2014-02-16 Thread Andrew Beekhof

On 31 Jan 2014, at 3:18 am, Pascal BERTON pascal.bert...@free.fr wrote:

 Hi !
  
 I recently changed hosting platform versions for my PCMK clusters, from 
 RHEL6.0 equivalent towards SL6.4. Also changed from pcmk 1.1.2+corosync 1.3.3 
  to pcmk 1.1.10+corosync 1.4.1 that come with SL6.
 Until now, I used to manage my pcmk+corosync layers directly from my own 
 personal init scripts, so I used to globaly disable pacemaker using 
 chkconfig. It was my scripts duty to start up cluster layer at boot and stop 
 it at node shutdown.

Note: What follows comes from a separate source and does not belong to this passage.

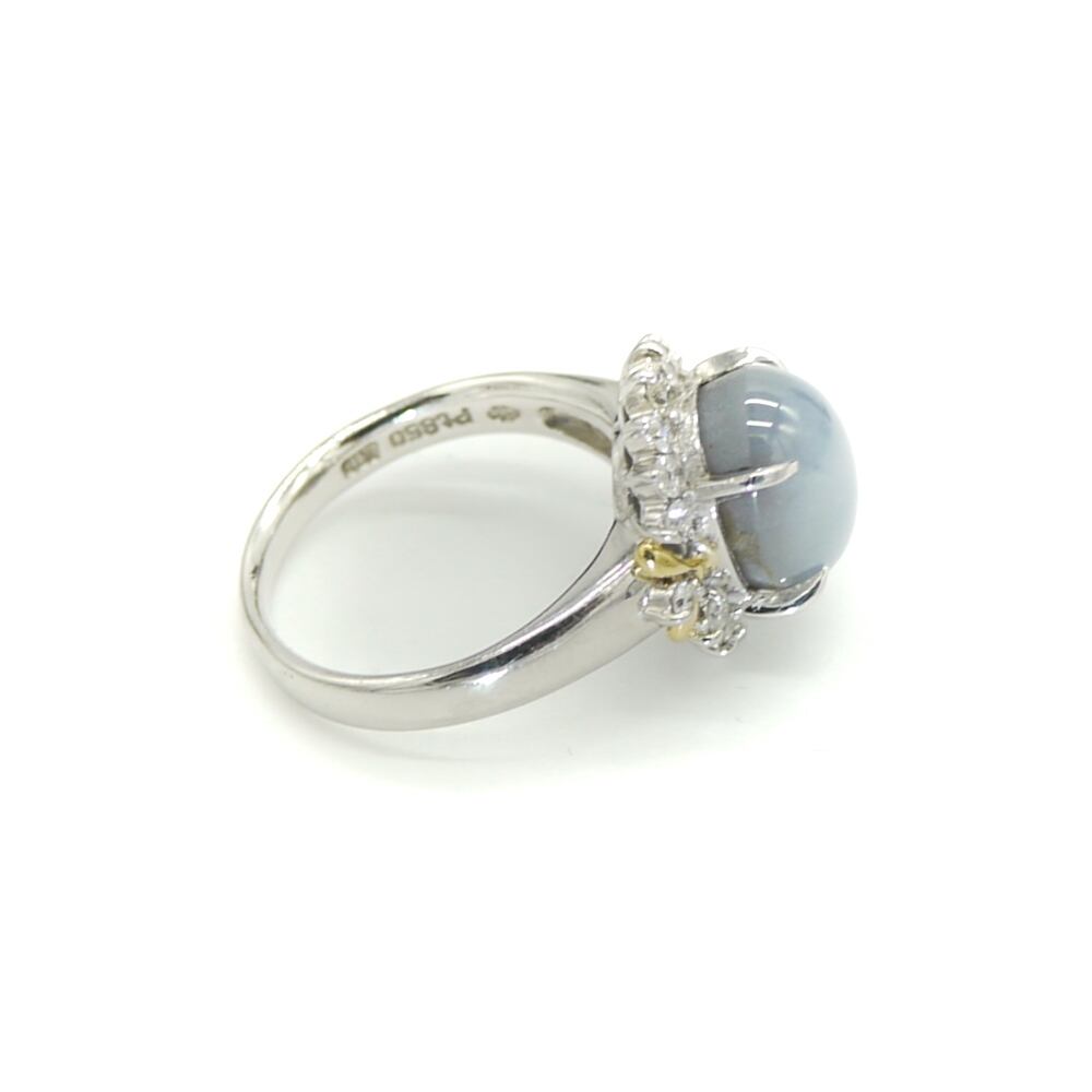 Pt850 K18 プラチナ 18金 スターサファイア ダイアモンド デザインリング 指輪 Y00625

And it has all worked fine for a couple of years !
 With that new platform, I now see something odd at node shutdown : Although 
 both pacemaker and corosync services are disabled for every runlevel (And BTW 
 if I disable my own service, they won’t start at boot), I can see that 
 pacemaker’s init script is called as soon as I run the shutdown –r command.
 After digging into what’s happening inside, I can clearly see that although 
 disabled, pacemaker is still called immediately, does its job of stopping the 
 cluster and the related resources, and then when my own script runs (1st in 
 the shutdown script list) and tries to interract with the cluster layer, too 
 late, it has already died and its actions are not managed correctly.
  
 I can workaround that by integrating my own shutdown sequence directly within 
 pacemaker init script, but I‘d prefer making things cleaner by maintaining 
 them separate.
  
 Is this behavior something expected

No

 (Or is it me ? ‘Wouldn’t be the first time… J )? What launches that disabled 
 script ? Can I change that ?

Very good question.
It could be chkconfig doing something smart with the LSB metadata:

# Default-Start:  2 3 4 5
# Default-Stop:   0 1 6

There was a subsequent commit to replace that with:

# Default-Start:
# Default-Stop:

which may help as may running:

/sbin/chkconfig --del pacemaker

instead of

/sbin/chkconfig pacemaker off


  
 Thanks for your help !
  
 Regards,
  
 Pascal.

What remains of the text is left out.